### PROBLEM TO WORK ON
Reproduce the data below exactly as written. Pictures do not belong in the copy.

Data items
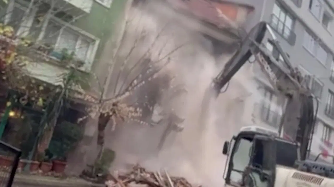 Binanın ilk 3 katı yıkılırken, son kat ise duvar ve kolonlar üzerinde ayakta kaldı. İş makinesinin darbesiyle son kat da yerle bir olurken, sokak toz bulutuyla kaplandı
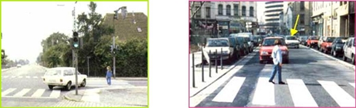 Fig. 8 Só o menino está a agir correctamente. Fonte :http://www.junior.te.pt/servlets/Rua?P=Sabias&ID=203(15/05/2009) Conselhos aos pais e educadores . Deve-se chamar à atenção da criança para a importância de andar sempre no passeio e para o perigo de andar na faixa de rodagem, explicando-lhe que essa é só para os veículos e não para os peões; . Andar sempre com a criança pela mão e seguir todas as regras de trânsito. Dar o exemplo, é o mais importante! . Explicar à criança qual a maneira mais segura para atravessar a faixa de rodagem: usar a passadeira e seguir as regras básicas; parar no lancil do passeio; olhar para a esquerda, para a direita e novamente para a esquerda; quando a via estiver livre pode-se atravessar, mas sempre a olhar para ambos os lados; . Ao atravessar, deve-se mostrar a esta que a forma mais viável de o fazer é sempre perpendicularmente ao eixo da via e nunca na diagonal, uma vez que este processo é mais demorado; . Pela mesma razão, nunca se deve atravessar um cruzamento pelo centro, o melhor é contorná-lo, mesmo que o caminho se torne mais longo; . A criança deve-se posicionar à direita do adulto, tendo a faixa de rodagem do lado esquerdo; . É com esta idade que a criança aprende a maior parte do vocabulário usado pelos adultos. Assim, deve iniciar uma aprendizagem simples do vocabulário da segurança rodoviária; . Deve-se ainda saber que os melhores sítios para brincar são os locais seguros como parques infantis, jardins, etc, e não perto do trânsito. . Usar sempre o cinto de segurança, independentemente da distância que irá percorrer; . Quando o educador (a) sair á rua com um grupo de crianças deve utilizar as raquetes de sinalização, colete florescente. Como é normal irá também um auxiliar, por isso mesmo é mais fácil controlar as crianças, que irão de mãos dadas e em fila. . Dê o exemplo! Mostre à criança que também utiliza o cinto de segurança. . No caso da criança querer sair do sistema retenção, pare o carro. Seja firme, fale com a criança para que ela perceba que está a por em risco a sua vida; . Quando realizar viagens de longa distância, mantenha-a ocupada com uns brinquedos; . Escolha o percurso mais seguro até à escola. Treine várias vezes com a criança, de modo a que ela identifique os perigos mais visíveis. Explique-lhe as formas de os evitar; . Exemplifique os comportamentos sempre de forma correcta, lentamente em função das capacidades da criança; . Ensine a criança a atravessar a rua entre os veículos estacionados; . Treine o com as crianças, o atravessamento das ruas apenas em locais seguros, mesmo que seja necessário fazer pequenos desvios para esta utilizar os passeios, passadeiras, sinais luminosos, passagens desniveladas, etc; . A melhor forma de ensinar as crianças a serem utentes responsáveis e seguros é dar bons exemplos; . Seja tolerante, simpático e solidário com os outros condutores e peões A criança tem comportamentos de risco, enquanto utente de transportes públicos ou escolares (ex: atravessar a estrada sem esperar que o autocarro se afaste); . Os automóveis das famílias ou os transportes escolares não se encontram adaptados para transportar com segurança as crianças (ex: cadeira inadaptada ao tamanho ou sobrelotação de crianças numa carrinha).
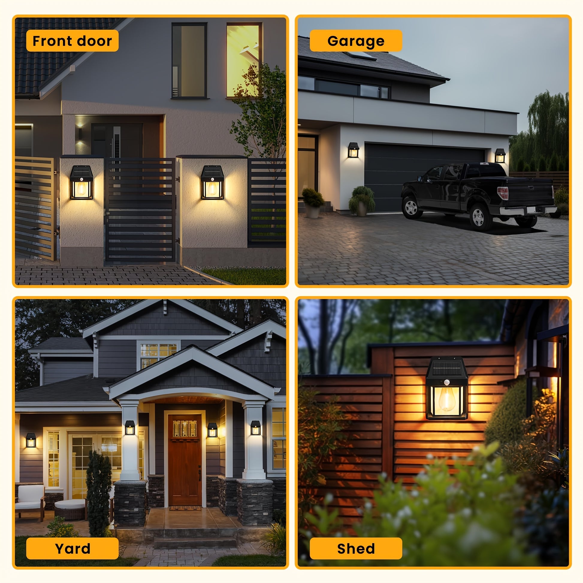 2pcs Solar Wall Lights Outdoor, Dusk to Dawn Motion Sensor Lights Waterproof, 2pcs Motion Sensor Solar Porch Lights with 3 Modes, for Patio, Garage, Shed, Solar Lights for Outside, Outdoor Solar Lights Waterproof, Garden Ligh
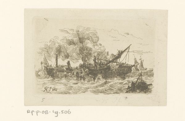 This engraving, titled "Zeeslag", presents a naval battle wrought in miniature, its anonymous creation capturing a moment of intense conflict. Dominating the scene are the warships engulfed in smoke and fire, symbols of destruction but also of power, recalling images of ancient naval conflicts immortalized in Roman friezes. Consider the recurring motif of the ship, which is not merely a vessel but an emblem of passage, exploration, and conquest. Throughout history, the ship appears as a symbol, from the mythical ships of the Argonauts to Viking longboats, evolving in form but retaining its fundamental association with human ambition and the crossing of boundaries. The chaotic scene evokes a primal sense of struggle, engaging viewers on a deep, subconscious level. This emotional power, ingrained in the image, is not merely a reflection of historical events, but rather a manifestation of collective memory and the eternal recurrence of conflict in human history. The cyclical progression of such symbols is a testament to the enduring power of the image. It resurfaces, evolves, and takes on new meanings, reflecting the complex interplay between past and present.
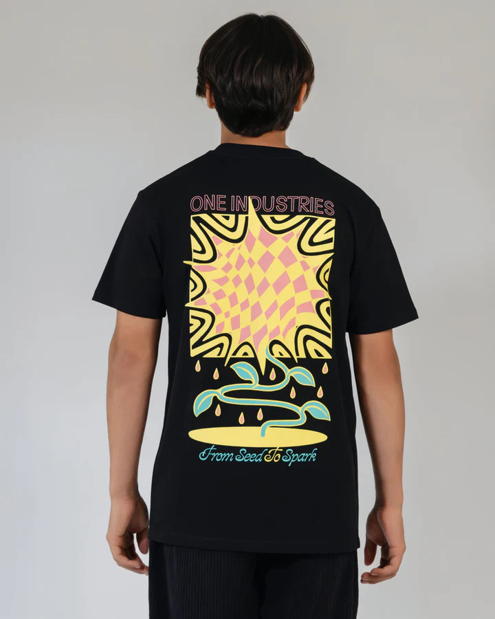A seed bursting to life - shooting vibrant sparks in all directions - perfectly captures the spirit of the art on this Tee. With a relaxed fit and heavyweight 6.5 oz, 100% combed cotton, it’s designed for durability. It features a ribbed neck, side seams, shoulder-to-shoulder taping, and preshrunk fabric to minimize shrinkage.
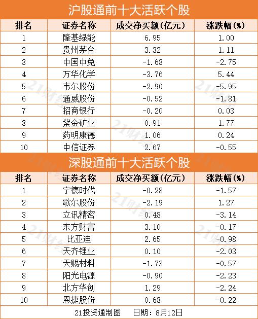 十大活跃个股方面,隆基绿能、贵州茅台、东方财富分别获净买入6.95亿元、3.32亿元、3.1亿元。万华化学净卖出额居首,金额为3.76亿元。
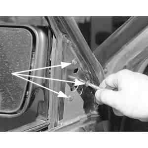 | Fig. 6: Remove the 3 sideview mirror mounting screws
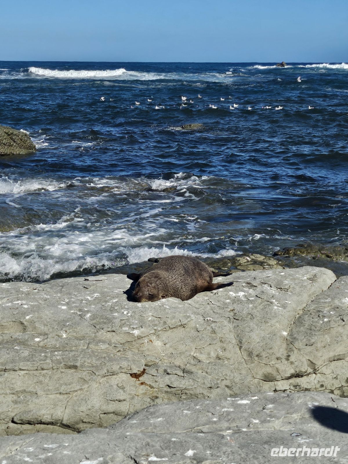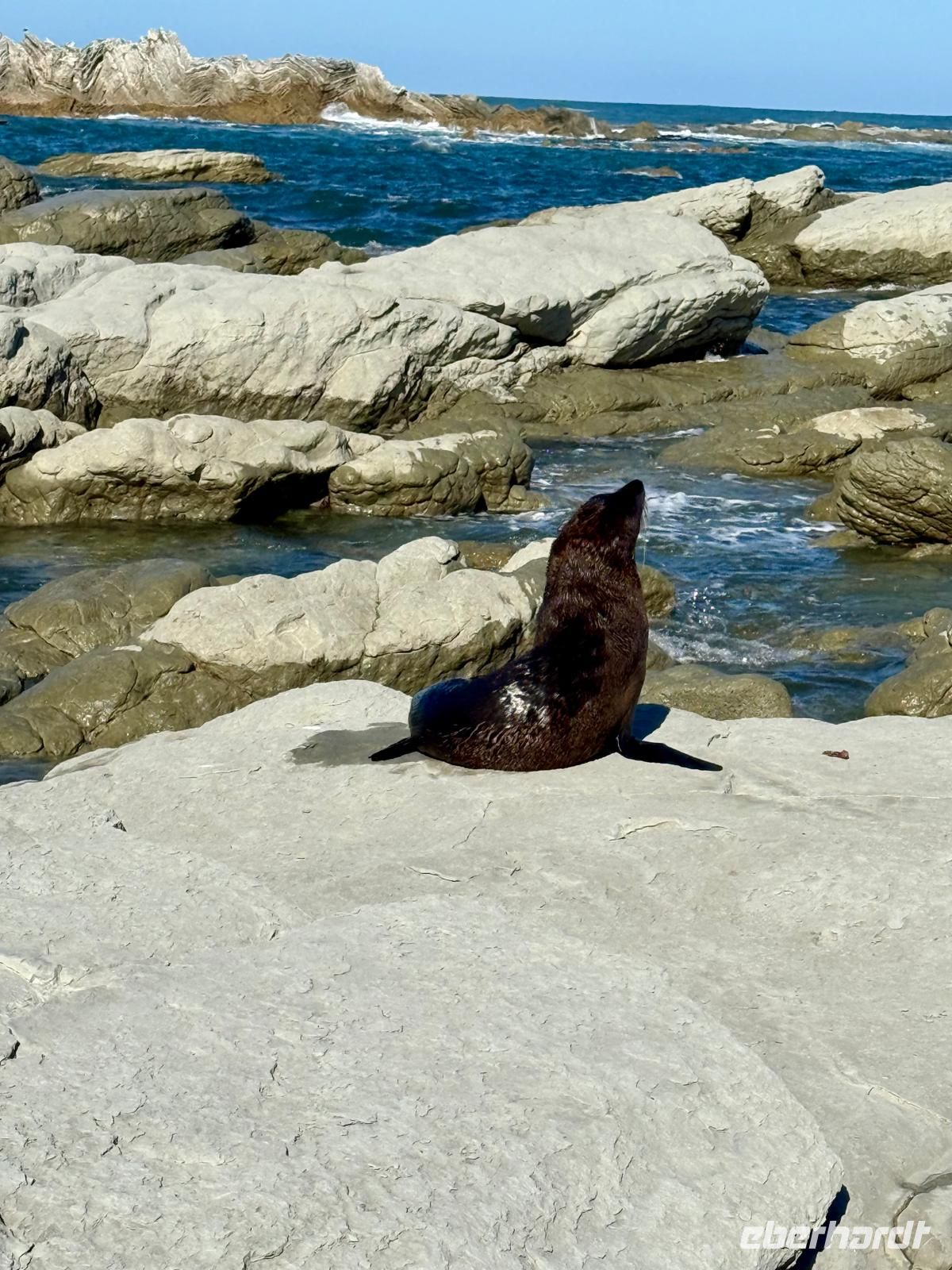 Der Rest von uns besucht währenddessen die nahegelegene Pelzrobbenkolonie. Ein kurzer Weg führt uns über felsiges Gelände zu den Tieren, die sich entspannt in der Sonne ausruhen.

### TASK RESPONSE
 Binanın ilk 3 katı yıkılırken, son kat ise duvar ve kolonlar üzerinde ayakta kaldı. İş makinesinin darbesiyle son kat da yerle bir olurken, sokak toz bulutuyla kaplandı
 Fig. 8 Só o menino está a agir correctamente. Fonte :http://www.junior.te.pt/servlets/Rua?P=Sabias&ID=203(15/05/2009) Conselhos aos pais e educadores . Deve-se chamar à atenção da criança para a importância de andar sempre no passeio e para o perigo de andar na faixa de rodagem, explicando-lhe que essa é só para os veículos e não para os peões; . Andar sempre com a criança pela mão e seguir todas as regras de trânsito. Dar o exemplo, é o mais importante! . Explicar à criança qual a maneira mais segura para atravessar a faixa de rodagem: usar a passadeira e seguir as regras básicas; parar no lancil do passeio; olhar para a esquerda, para a direita e novamente para a esquerda; quando a via estiver livre pode-se atravessar, mas sempre a olhar para ambos os lados; . Ao atravessar, deve-se mostrar a esta que a forma mais viável de o fazer é sempre perpendicularmente ao eixo da via e nunca na diagonal, uma vez que este processo é mais demorado; . Pela mesma razão, nunca se deve atravessar um cruzamento pelo centro, o melhor é contorná-lo, mesmo que o caminho se torne mais longo; . A criança deve-se posicionar à direita do adulto, tendo a faixa de rodagem do lado esquerdo; . É com esta idade que a criança aprende a maior parte do vocabulário usado pelos adultos. Assim, deve iniciar uma aprendizagem simples do vocabulário da segurança rodoviária; . Deve-se ainda saber que os melhores sítios para brincar são os locais seguros como parques infantis, jardins, etc, e não perto do trânsito. . Usar sempre o cinto de segurança, independentemente da distância que irá percorrer; . Quando o educador (a) sair á rua com um grupo de crianças deve utilizar as raquetes de sinalização, colete florescente. Como é normal irá também um auxiliar, por isso mesmo é mais fácil controlar as crianças, que irão de mãos dadas e em fila. . Dê o exemplo! Mostre à criança que também utiliza o cinto de segurança. . No caso da criança querer sair do sistema retenção, pare o carro. Seja firme, fale com a criança para que ela perceba que está a por em risco a sua vida; . Quando realizar viagens de longa distância, mantenha-a ocupada com uns brinquedos; . Escolha o percurso mais seguro até à escola. Treine várias vezes com a criança, de modo a que ela identifique os perigos mais visíveis. Explique-lhe as formas de os evitar; . Exemplifique os comportamentos sempre de forma correcta, lentamente em função das capacidades da criança; . Ensine a criança a atravessar a rua entre os veículos estacionados; . Treine o com as crianças, o atravessamento das ruas apenas em locais seguros, mesmo que seja necessário fazer pequenos desvios para esta utilizar os passeios, passadeiras, sinais luminosos, passagens desniveladas, etc; . A melhor forma de ensinar as crianças a serem utentes responsáveis e seguros é dar bons exemplos; . Seja tolerante, simpático e solidário com os outros condutores e peões A criança tem comportamentos de risco, enquanto utente de transportes públicos ou escolares (ex: atravessar a estrada sem esperar que o autocarro se afaste); . Os automóveis das famílias ou os transportes escolares não se encontram adaptados para transportar com segurança as crianças (ex: cadeira inadaptada ao tamanho ou sobrelotação de crianças numa carrinha).
 2pcs Solar Wall Lights Outdoor, Dusk to Dawn Motion Sensor Lights Waterproof, 2pcs Motion Sensor Solar Porch Lights with 3 Modes, for Patio, Garage, Shed, Solar Lights for Outside, Outdoor Solar Lights Waterproof, Garden Ligh
 This engraving, titled "Zeeslag", presents a naval battle wrought in miniature, its anonymous creation capturing a moment of intense conflict. Dominating the scene are the warships engulfed in smoke and fire, symbols of destruction but also of power, recalling images of ancient naval conflicts immortalized in Roman friezes. Consider the recurring motif of the ship, which is not merely a vessel but an emblem of passage, exploration, and conquest. Throughout history, the ship appears as a symbol, from the mythical ships of the Argonauts to Viking longboats, evolving in form but retaining its fundamental association with human ambition and the crossing of boundaries. The chaotic scene evokes a primal sense of struggle, engaging viewers on a deep, subconscious level. This emotional power, ingrained in the image, is not merely a reflection of historical events, but rather a manifestation of collective memory and the eternal recurrence of conflict in human history. The cyclical progression of such symbols is a testament to the enduring power of the image. It resurfaces, evolves, and takes on new meanings, reflecting the complex interplay between past and present.
A seed bursting to life - shooting vibrant sparks in all directions - perfectly captures the spirit of the art on this Tee. With a relaxed fit and heavyweight 6.5 oz, 100% combed cotton, it’s designed for durability. It features a ribbed neck, side seams, shoulder-to-shoulder taping, and preshrunk fabric to minimize shrinkage.
 十大活跃个股方面,隆基绿能、贵州茅台、东方财富分别获净买入6.95亿元、3.32亿元、3.1亿元。万华化学净卖出额居首,金额为3.76亿元。
 | Fig. 6: Remove the 3 sideview mirror mounting screws
 Der Rest von uns besucht währenddessen die nahegelegene Pelzrobbenkolonie. Ein kurzer Weg führt uns über felsiges Gelände zu den Tieren, die sich entspannt in der Sonne ausruhen.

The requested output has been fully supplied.